I'm getting used to not practicing for 3 days straight. I haven't been since Friday. My husband and I ventured to New York for the weekend and arrived back home late Sunday night. We went on a Thursday and somehow, I managed to make it to a class on Friday.

It was intense. I went to the Bikram studio on the Lower East Side; the pink one. The vibe I get from new Bikram studios and new Bikram teachers, no matter where in the world, is so intense it's almost not healthy. It doesn't feel like "yoga". There's nothing peaceful about it. They just spew out the same, by-the-book dialogue that they're taught at Teacher Training. It's also what I would imagine boot camp to feel like. There's no room for the mental pain factor because frankly, in my opinion, that's the only real pain that exists. It hurts physically but once the heat starts to permeate your brain, it's all over. This studio was packed to the rafters and I, being from out of town and not sure of where to go and how long it will take, arrived just in time which meant I had the worst spot in the room. I was RIGHT next to heaters, both to my side and behind me. The room was stacked 3 rows deep so that I, being in the 3rd row, could barely see myself in the mirror. Then, to make it wonderfully worse, after a rainy, rainy afternoon, the sun came blasting through the windows during the floor series. Where was I, aside from being next to 2 heaters? You got it, right next to the windows. The sun shown just when I was mentally about to crack. It was such a HOT room even without the sun. Luckily I had a hair band that I put to good use. I covered my eyes like I was some Zen yogi practicing with a blindfold. I KNOW I looked like a kook but I was so cranky with this teacher that I wanted to piss him off by doing something "different". The reason I was so cranky was because he had drawn the curtain for one half of the room when the sun started shining but not for my half. I was so fragile and pissed at that point, that I swore to myself that he was doing it on purpose. And the reason I thought he was doing it on purpose? He kept insisting that we all stay together and I know I was occasionally and accidentally going ahead of his robot dialogue. This was probably so far from the truth but like I said, I was fragile and took everything personally. There were at least 50 people in the room so obviously there was no friggin' way he was "getting revenge" on me :)
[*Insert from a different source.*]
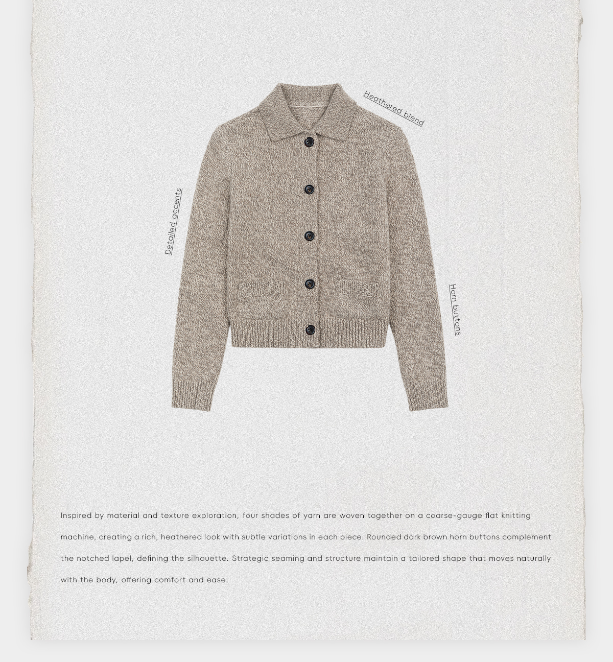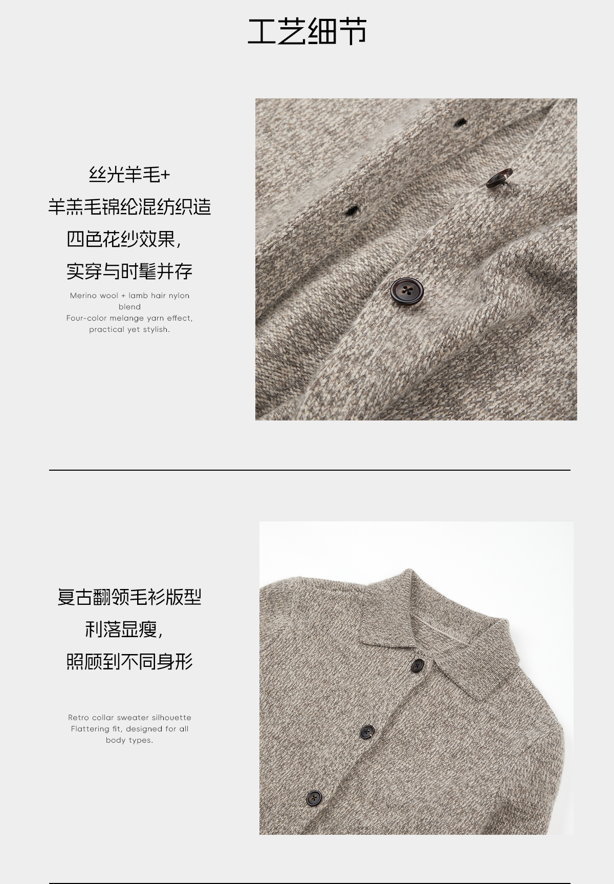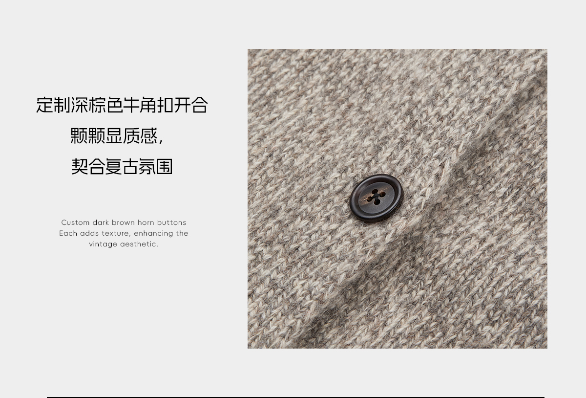 ROMI STUDIO“老钱腔调”丝光羊毛混纺牛角扣开襟毛衫 RWCWSG7200

Anyways, I am eager to get to my regular studio today. It's peaceful there and I can focus and concentrate. My teacher is the most senior Bikram teacher in Canada so he's achieved a Zen that new Bikram teachers aren't even close to finding. I think most young/new Bikram teachers treat this yoga as a "workout" and not as a means to meditation and inner peace. I will forgive them. They are yoga babies and hopefully by the time they reach the age of 90, they will be Zen masters and gentle yogis rather than automatons who worship this man, Bikram.